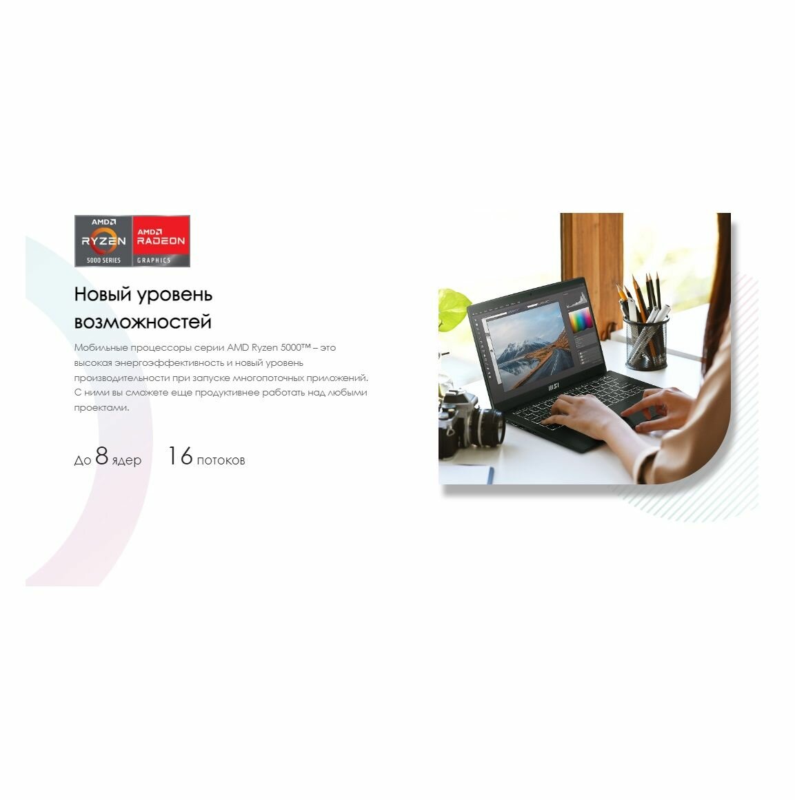 Ноутбук MSI Modern 14 C5M-010XRU 14" 1920x1080 AMD Ryzen 5-5625U SSD 512 Gb 16Gb Bluetooth 5.0 WiFi (802.11 b/g/n/ac/ax) AMD Radeon Graphics черн
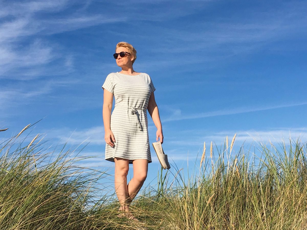 Der leichte und dünne grau-weiße Sommersweat fällt ganz toll und ist sehr angenehm zu tragen! So ein Kleid werde ich mir bestimmt noch mal nähen, dann vielleicht auch mit Taschen und einem kleinen Umschlag an den Ärmeln!
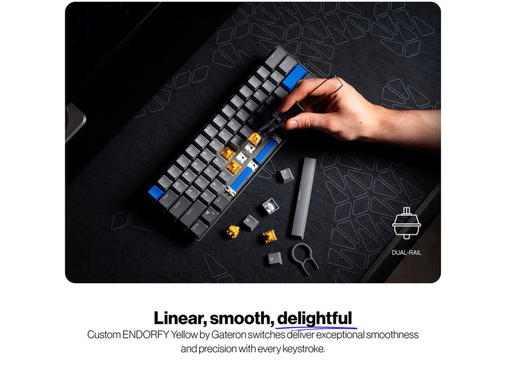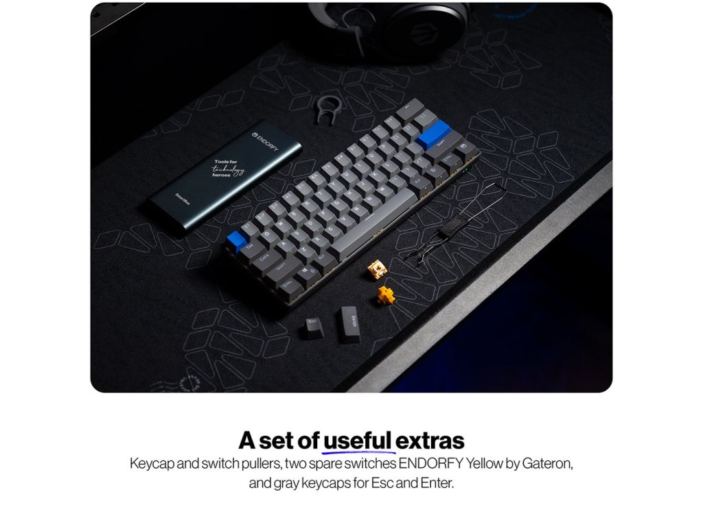 Bezdrátová mechanická klávesnice s kompaktním 60% layoutem a exkluzivními Endorfy Yellow spínači.
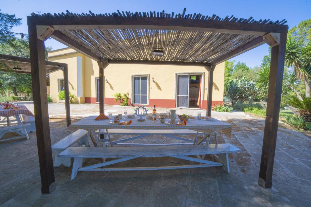 De landelijke boerderij is gelegen in het zonnige platteland van Salento, omringd door 4 hectares tuin. Het bevindt zich dicht bij de prachtige Salento-stranden en de charmante stad Lecce.
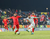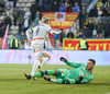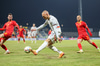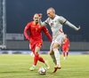 Vladimir Jovovic að vinna sig í færi í teignum en á verulega slakt skot sem siglir hættulaust framhjá markinu.
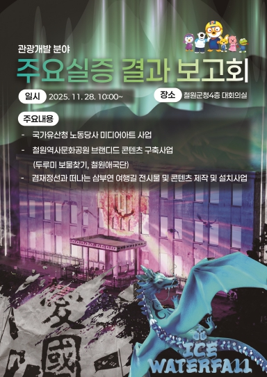 보고회에서는 국가유산청 노동당사 미디어 아트 사업, 철원역사문화공원 브랜디드 콘텐츠 구축사업, 겸재정선과 떠나는 삼부연 여행길 전시물 및 콘텐츠 제작 설치사업 등이 중점적으로 다뤄진다.
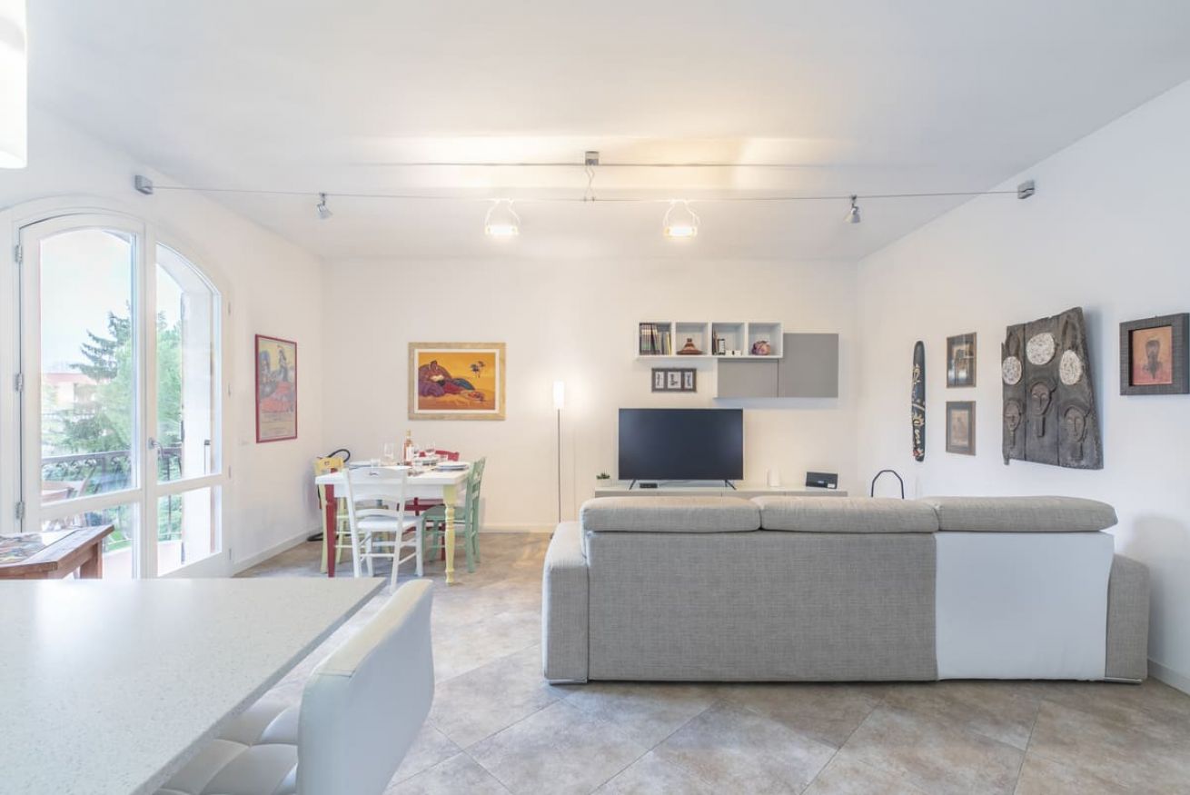 L'alloggio è stato pensato per ospitare comodamente famiglie o gruppi di amici, grazie a una distribuzione intelligente degli spazi.

-*-*-

What needs to be done —
The material should be returned verbatim, with all images omitted.

Problem solution —
 Ноутбук MSI Modern 14 C5M-010XRU 14" 1920x1080 AMD Ryzen 5-5625U SSD 512 Gb 16Gb Bluetooth 5.0 WiFi (802.11 b/g/n/ac/ax) AMD Radeon Graphics черн
 Der leichte und dünne grau-weiße Sommersweat fällt ganz toll und ist sehr angenehm zu tragen! So ein Kleid werde ich mir bestimmt noch mal nähen, dann vielleicht auch mit Taschen und einem kleinen Umschlag an den Ärmeln!
 Bezdrátová mechanická klávesnice s kompaktním 60% layoutem a exkluzivními Endorfy Yellow spínači.
 De landelijke boerderij is gelegen in het zonnige platteland van Salento, omringd door 4 hectares tuin. Het bevindt zich dicht bij de prachtige Salento-stranden en de charmante stad Lecce.
 Vladimir Jovovic að vinna sig í færi í teignum en á verulega slakt skot sem siglir hættulaust framhjá markinu.
 보고회에서는 국가유산청 노동당사 미디어 아트 사업, 철원역사문화공원 브랜디드 콘텐츠 구축사업, 겸재정선과 떠나는 삼부연 여행길 전시물 및 콘텐츠 제작 설치사업 등이 중점적으로 다뤄진다.
 L'alloggio è stato pensato per ospitare comodamente famiglie o gruppi di amici, grazie a una distribuzione intelligente degli spazi.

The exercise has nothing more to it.